EXERCISE INSTRUCTIONS: Make an exact transcript of the lines in the data below, starting with the one containing "Οι τουρκικές αρχές, όπως" and going on through the one containing "Białe, eleganckie pudełko", with both included and the pictures left out.

EXERCISE INPUTS:
++++++++++++++++++++

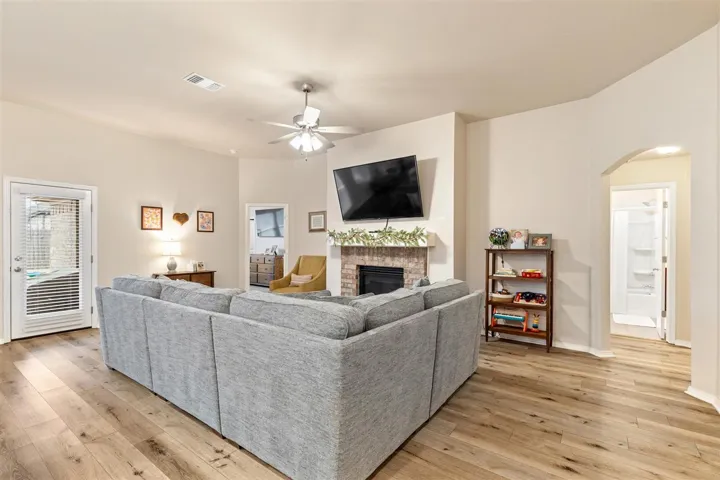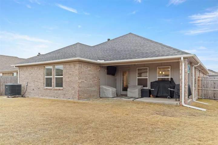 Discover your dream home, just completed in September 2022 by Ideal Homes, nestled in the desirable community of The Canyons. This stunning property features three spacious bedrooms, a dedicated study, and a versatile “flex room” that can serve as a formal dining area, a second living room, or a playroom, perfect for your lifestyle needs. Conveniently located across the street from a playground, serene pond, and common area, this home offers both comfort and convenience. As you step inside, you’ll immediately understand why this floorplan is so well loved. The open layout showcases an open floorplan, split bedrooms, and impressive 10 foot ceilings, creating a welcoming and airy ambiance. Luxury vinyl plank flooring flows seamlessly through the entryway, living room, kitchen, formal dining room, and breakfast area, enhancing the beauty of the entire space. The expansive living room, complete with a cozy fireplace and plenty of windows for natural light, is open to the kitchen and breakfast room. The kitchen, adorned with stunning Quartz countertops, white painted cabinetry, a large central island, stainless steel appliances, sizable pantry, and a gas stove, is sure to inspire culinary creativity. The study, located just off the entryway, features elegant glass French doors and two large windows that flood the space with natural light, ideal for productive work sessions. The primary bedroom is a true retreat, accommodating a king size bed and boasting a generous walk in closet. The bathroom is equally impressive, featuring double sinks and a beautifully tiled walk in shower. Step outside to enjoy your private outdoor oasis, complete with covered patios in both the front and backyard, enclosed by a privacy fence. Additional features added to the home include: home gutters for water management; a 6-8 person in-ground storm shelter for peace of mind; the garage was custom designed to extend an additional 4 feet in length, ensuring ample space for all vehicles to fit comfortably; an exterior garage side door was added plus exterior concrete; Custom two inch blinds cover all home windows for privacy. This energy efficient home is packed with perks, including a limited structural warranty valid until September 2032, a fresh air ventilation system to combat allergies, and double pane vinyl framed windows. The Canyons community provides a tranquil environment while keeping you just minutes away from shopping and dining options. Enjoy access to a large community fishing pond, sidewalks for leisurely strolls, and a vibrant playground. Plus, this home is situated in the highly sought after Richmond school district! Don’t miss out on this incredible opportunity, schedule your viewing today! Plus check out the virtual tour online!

++++++++++++++++++++

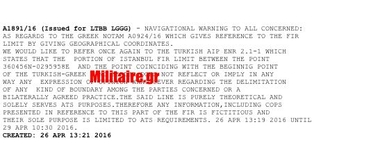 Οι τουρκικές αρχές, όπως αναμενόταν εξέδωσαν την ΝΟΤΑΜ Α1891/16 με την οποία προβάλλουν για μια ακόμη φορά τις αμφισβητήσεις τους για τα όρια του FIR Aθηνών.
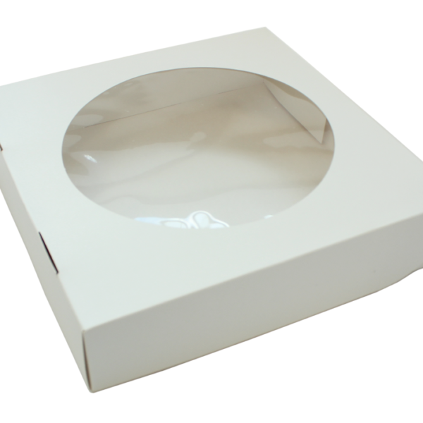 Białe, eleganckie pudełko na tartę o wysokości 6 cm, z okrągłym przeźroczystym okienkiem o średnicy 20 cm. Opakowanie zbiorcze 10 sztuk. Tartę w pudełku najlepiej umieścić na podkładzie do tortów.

++++++++++++++++++++

REPLY TO THE EXERCISE:
 Οι τουρκικές αρχές, όπως αναμενόταν εξέδωσαν την ΝΟΤΑΜ Α1891/16 με την οποία προβάλλουν για μια ακόμη φορά τις αμφισβητήσεις τους για τα όρια του FIR Aθηνών.
 Białe, eleganckie pudełko na tartę o wysokości 6 cm, z okrągłym przeźroczystym okienkiem o średnicy 20 cm. Opakowanie zbiorcze 10 sztuk. Tartę w pudełku najlepiej umieścić na podkładzie do tortów.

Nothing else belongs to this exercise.